Im Bundestagsuntersuchungsausschuss zum Fall Edathy haben die Ermittler des BKA und Vertreter der zuständigen Staatsanwaltschaften nicht nur zu diesem Fall sondern auch generell über ihre Ermittlungsarbeit im Deliktsfeld Kinderpornografie berichtet. Vom BKA-Vizepräsidenten bis zum Sachbearbeiter und Oberstaatsanwalt haben alle Befragten einhellig die Vorratsdatenspeicherung (VDS) als fehlendes Ermittlungsinstrument beklagt und ihre Wiedereinführung gefordert. Sie nannten zahlreiche Beispielfälle, in denen die IP-Adresse als einzige Spur aufgrund der fehlenden VDS nicht mehr nachverfolgt und somit Opfer, Tatort oder Täter nicht identifiziert werden konnten. Ein Kriminalbeamter schilderte, dass ihm die Notwendigkeit der Mindestspeicherfrist besonders bewusst geworden sei, als er sich ein Video anschauen musste, "wo ein mehrere Monate altes Kind auf übelste Weise missbraucht worden ist" und die IP-Adresse der einzige Ermittlungsansatz gewesen wäre. Im Jahr 2010 veröffentlichte das BKA eine Studie, mit der die negativen Folgen der Aussetzung der Mindestspeicherfristen für die Ermittlungsarbeit offenbar wurden: http://www.bmi.bund.de/SharedDocs/Downloads/DE/Themen/Sicherheit/Mindestspeicherfrist/studie.pdf?__blob=publicationFile .
7. Wenn das Gesetz erneut vom Bundesverfassungsgericht und oder dem Europäischen Gerichtshof kassiert wird -welche persönlichen und politischen Konsequenzen werden Sie ziehen?
Weder das Bundesverfassungsgericht noch der Europäische Gerichtshof haben die VDS per se verboten. Nur die konkreten gesetzlichen Ausgestaltungen müssen den europa- und verfassungsrechtlichen Vorgaben entsprechen. Wie bereits in meinem letzten diesbezüglichen Schreiben an Sie ausgeführt, bin ich sehr optimistisch, dass das mit dem vorliegenden Gesetzentwurf gelingen wird. Er beachtet nicht nur die Vorgaben des Bundesverfassungsgerichts und des Europäischen Gerichtshofs, sondern ist auch deutlich restriktiver als das, was früher als VDS bezeichnet wurde:
- Es werden weniger Daten gespeichert; etwa E-Mail-Daten sind ganz ausgenommen.
- Es wird sehr viel kürzer gespeichert; die alte EU-Richtlinie sah eine Speicherung bis zu zwei Jahre vor.
- Die Voraussetzungen für den Zugriff auf die Daten sind strenger; der Kreis der Taten, für deren Aufklärung die Daten genutzt werden dürfen, ist enger.
In dieser restriktiven Form kann der Gesetzentwurf auch richtungweisend für die Ausarbeitung einer neuen europäischen Richtlinie sein. Im Übrigen ist der Gesetzgeber verpflichtet, den Maßgaben des Bundesverfassungsgerichts gerecht zu werden. Dem kommt die schwarz-rote Koalition nach und das werden wir auch bei künftigen Urteilen des Bundesverfassungsgerichts so halten.
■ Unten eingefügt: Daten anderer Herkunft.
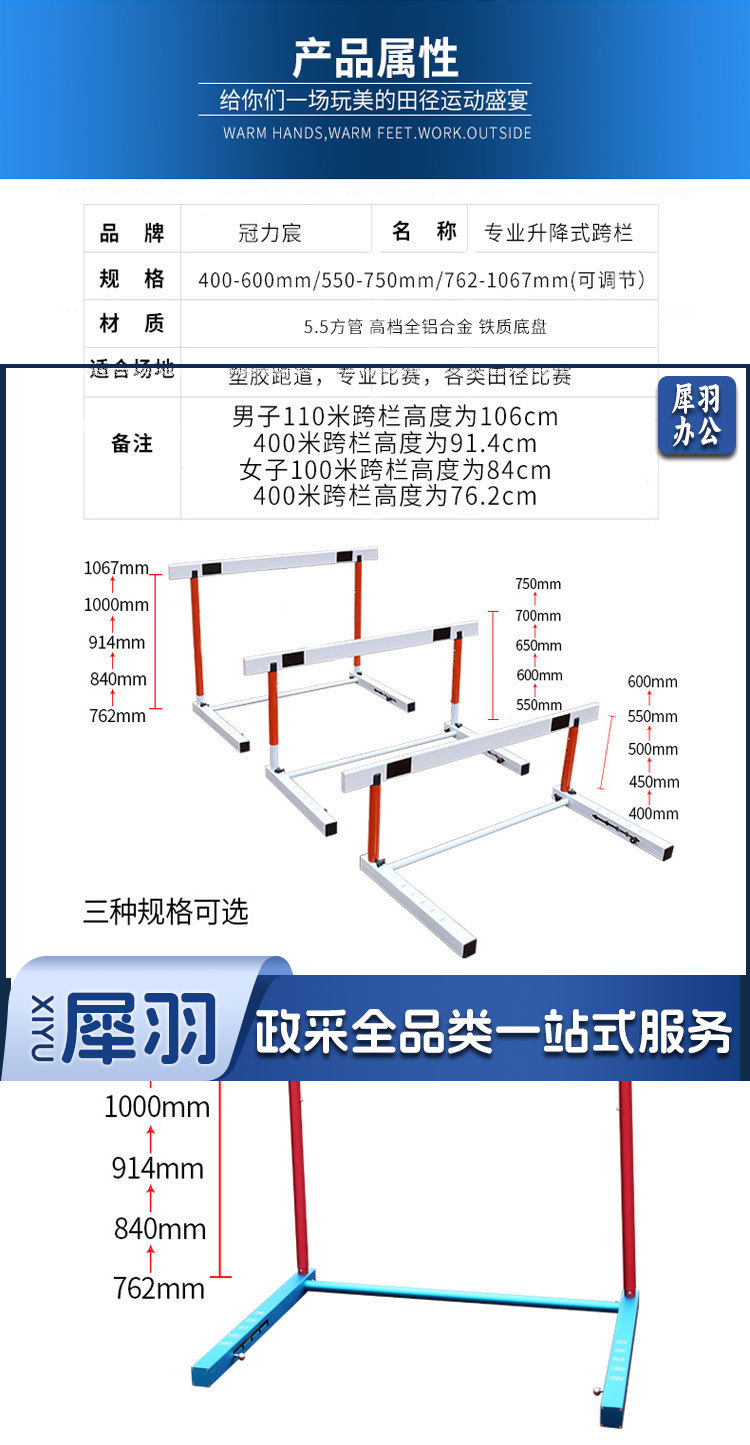 田径标准比赛跨栏中小学生成人110米栏运动会可升降可调节跨栏架1067mm

8. Vor dem Hintergrund der aktuellen Hackerangriffe auf den Bundestag- wie wollen Sie die erhobenen Daten denn ausreichend schützen können, wenn es anscheinend der eigenen IT-Verwaltung nicht gelingt, Ihr System ausreichend abzusichern? Provider und polizeilichen IT-Strukturen sind sicherlich weniger, bzw. ähnlich geschützt.
Den Anforderungen des Bundesverfassungsgerichts an die Datensicherheit wird - übrigens auch nach Meinung der von Ihnen zitierten Wissenschaftlichen Dienste - mit dem Gesetzentwurf Genüge getan. Die Daten sollen nicht auf staatlichen Servern sondern bei den Telekommunikationsanbietern selbst gespeichert werden. Diese werden durch den Gesetzentwurf technisch und allgemein verpflichtet, bei der Speicherung, Verwendung und Sicherung der Vorratsdaten einen besonders hohen Standard an Datensicherheit und Datenqualität zu gewährleisten.